If you create something completely unrelated it could come down to whether you used any company resources in the process i.e. a company laptop, company email, worked on the project during work hours etc. But even if you create something unrelated and didn't use any company resources that doesn't mean your employer won't try to enforce the clause which could result in a whole bunch of expensive litigation which you probably don't want to have to deal with.

What I have seen work is discussing any side projects (including open source) you're going to work on with your employer first and get written confirmation that they're waiving their right to enforce this clause. They may have legitimate concerns about what you're doing (is it competing with their business, will it be a distraction from your work etc) that you may have to address. This may not work in every case, but usually does.

Ultimately you need a paper trail to ensure you can prove the project wasn't something your employer was paying you for, but as I said if you anticipate your employer enforcing this clause you probably want to think hard about whether you want to have that fight.

The language is ambiguous and childish, nothing like I would expect to find in a legal document written by an adult and meant to be legally binding or even taken seriously.

  "The employee shall shall not be allowed to provide any services to another company and not to run any other business"
This clause sounds like an instruction for the employee's handler.

Also, the employee "shall shall"? wtf?

Or maybe it just applies to Mr. Shall, first name Shall.

If it's just code and there is no money involved, then it's not a business - A business necessarily involves customers and money. Of course company directors will tend to say that side projects are not allowed; they prefer it if their employees don't do (in order to protect the company's interests).
I've had companies try to take my OSS projects. It seems that the smaller the company, the greater the likelihood that they'll try (you can get some real dicks who go on power trips in small companies, whereas larger companies tend to have a bureaucracy tempered by good lawyers and usually cooler heads).

The first rule is: Go to a lawyer and discuss such matters with them. Consultations are cheap. Often you can get clauses you don't like stricken from the contract (I do this all the time, and as a bonus it helps filter out companies that will become a problem in future).

The second rule is: If they refuse to negotiate on the points you don't like, consider working somewhere else.

Caveat: Once the contract has been modified for your specific case, all ambiguous clauses (and there are many that laymen cannot identify as ambiguous) are no longer considered unfavourable towards the employer by default. This is because that one simple change renders the contract as longer being a Standard Form Contract.

https://en.wikipedia.org/wiki/Standard_form_contract

It should be taken seriously, by not remaining at that workplace and seriously looking elsewhere.
The "during work" part is ambiguous.
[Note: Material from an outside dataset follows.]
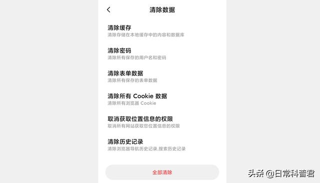 如果经常在手机上使用浏览器。浏览器也会产生大量缓存垃圾。所以我们也需要定期清理浏览器的缓存。一般在浏览器设置里。都有清除数据的功能。大家定期清理就可以了。
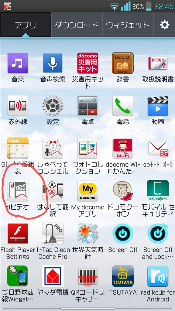 赤丸で囲ったアイコンがdビデオのアプリです

I read this to mean during working hours. The boss seems to be interpreting it as "while employed", so including spare time.

But you don't want to get to the point where legal action is taken to test it.

If you released a competing app to your employer, I'd expect legal action.

I generally refuse to sign contracts that claim ownership over any IP I create out of work (although I would accept it if the IP in question directly relates to my employment).

Even if the company appears to have good will here, you need to be careful. One company I worked at went through a merger. Their lawyers tried to argue that the software I had created in my spare time now belonged to them. The original company would never have done that.

Luckily I had a different contract to the standard one as I had those clauses removed :).